Оставшись одна, Патимат не плакала, слезы могли накликать беду на ее сыновей, она утоляла душевный голод в работе, незаметно привыкая к одиночеству. Когда приходило время получать на трудодни, аульчане завидовали Патимат: много она зарабатывала.
Эти дни в году были для Патимат самыми счастливыми, наполненными глубоким смыслом и значением. Сговорившись с соседями, она везла вместе с ними продукты в райцентр, на базар, и старалась продать все как можно дороже. Аккуратно, трешку к трешке, пятерку к пятерке, складывала она деньги в сумку, висевшую на груди, радостно ощущая ее потертую тесемку на своей шее. Расторговавшись, шла в магазин, долго стояла там, разглядывая товары. Наконец выбирала полюбившиеся ей вещи: дорогие отрезы, шелковые платки, одеяла. Все это для будущих гелин[5], на калым сыновьям.
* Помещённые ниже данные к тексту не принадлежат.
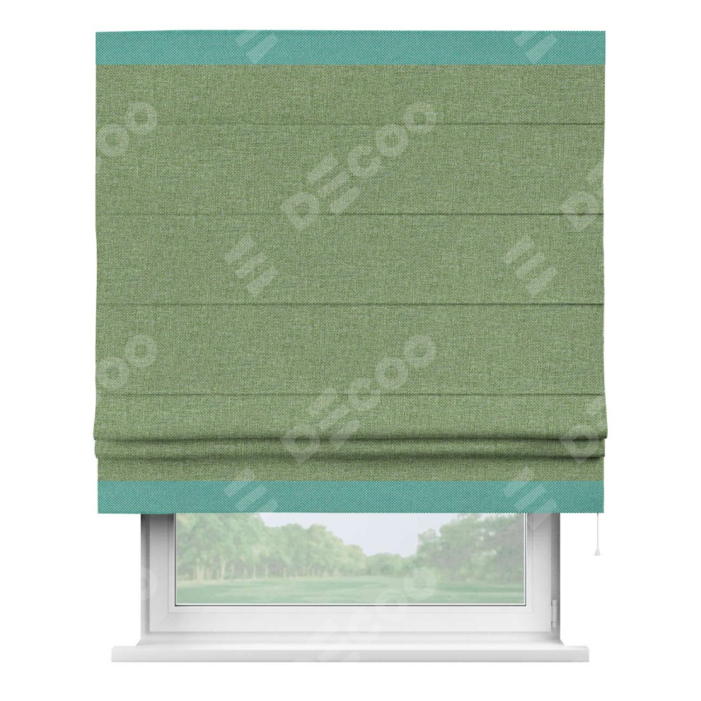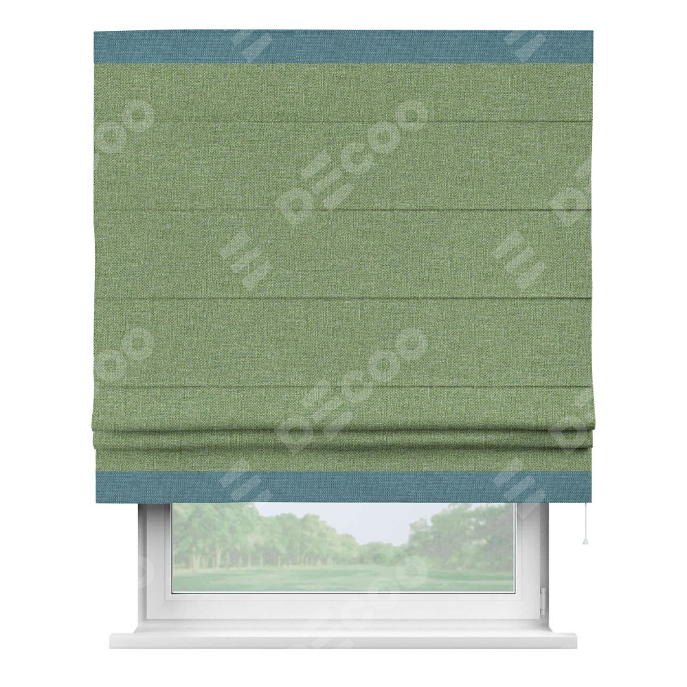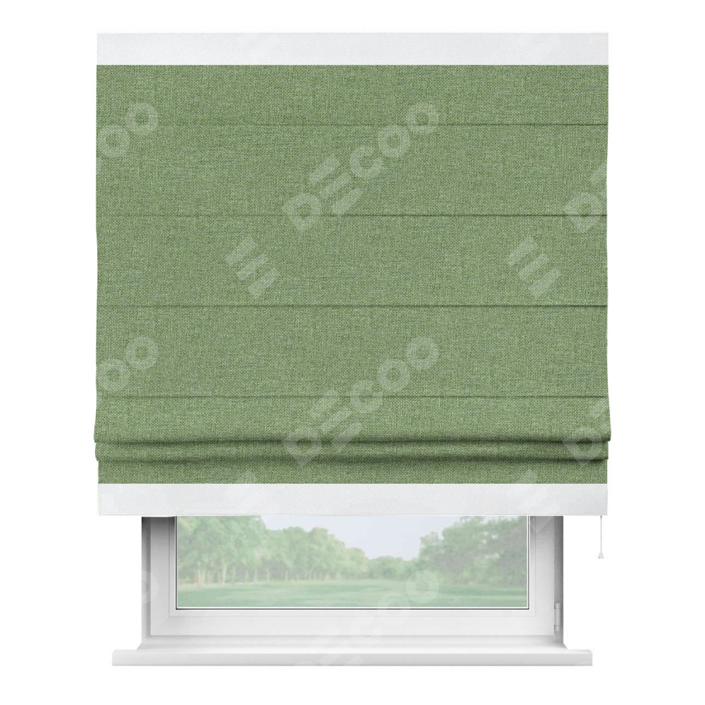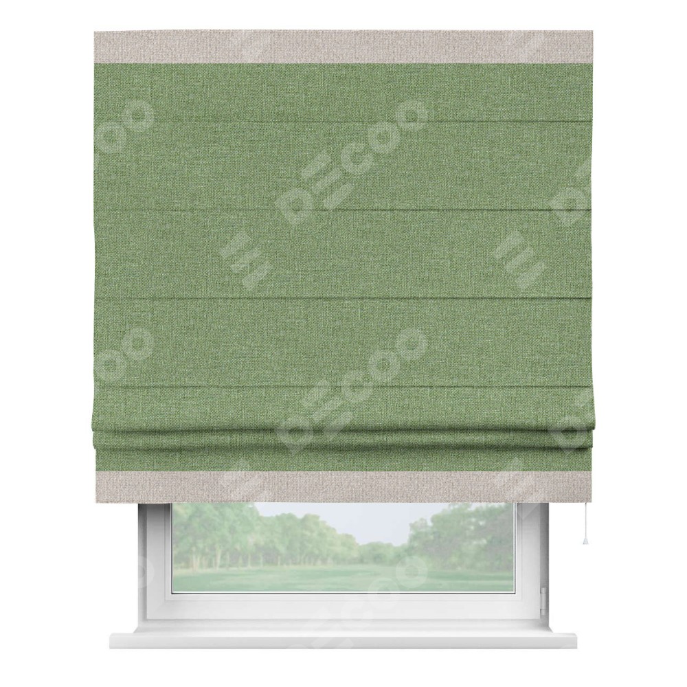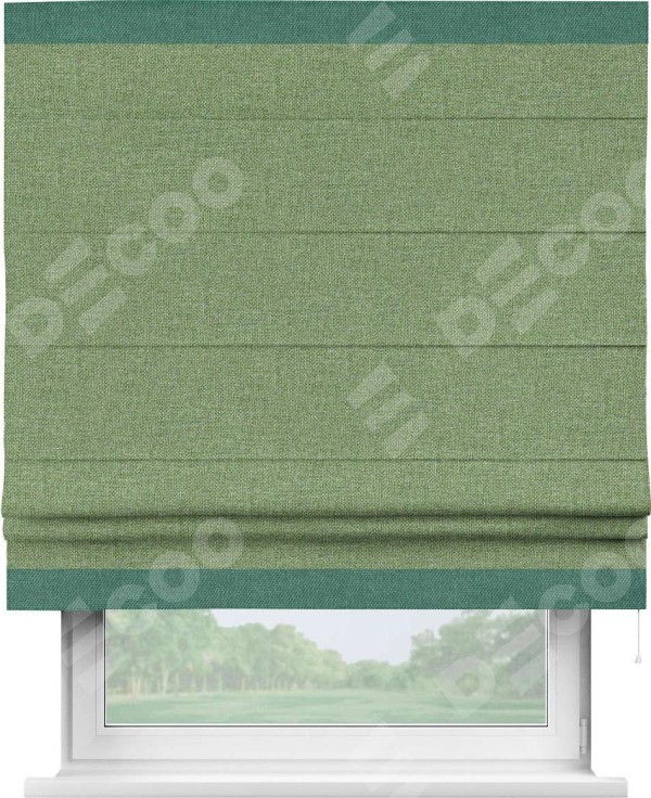Римская штора «Cortin» для проёма, лён димаут светло-салатовый с кантом Горизонт

О себе она не заботилась, ходила в одном-единственном платье и шальварах из черного ластика, на которых было столько заплат, что, казалось, и сосчитать нельзя, а она все умудрялась ставить новые. Отказывала себе и в пище: оставляла на год немножко муки для чуреков, толокно да соленый сыр – все остальное продавала. Она никогда не думала, не умела думать о себе и даже представить не могла, не могла понять, что можно жить иначе.
Приезжала с базара, бережно и торжественно складывала приобретенные покупки в сундук, закрывала крышку, и ей сразу начинало казаться, что вещи плохо уложены, она снова вынимала свое богатство, тщательно все осматривала, встряхивала. Делила на две равные части и начинала укладывать подарки по отдельности для старшей и младшей гелин. Мысленно выбирала в ауле невест для своих сыновей, примеряла, к лицу ли им подарки.
А весною, когда в садах аула цвели персиковые деревья, Патимат отпрашивалась у заведующего фермой на два-три дня домой. Он ее охотно отпускал, потому что Патимат редко пользовалась выходными. Дома она протягивала на открытой веранде веревки, вынимала из сундука и развешивала на них все свои сокровища: пусть продует их весенний ветерок, обласкает солнышко. Патимат знала, что если высушить добро в пору цветения персиков, то в нем, даже в шерстяных материях и каракулевых папахах, никогда не заведется моль. Как-то, в особенно урожайный год, купила Патимат две никелированные кровати, неслыханное по тем временам в их ауле богатство. Привезла их домой на колхозной машине. Все мужчины, что сидели на годекане, поднялись посмотреть на ее необычную покупку.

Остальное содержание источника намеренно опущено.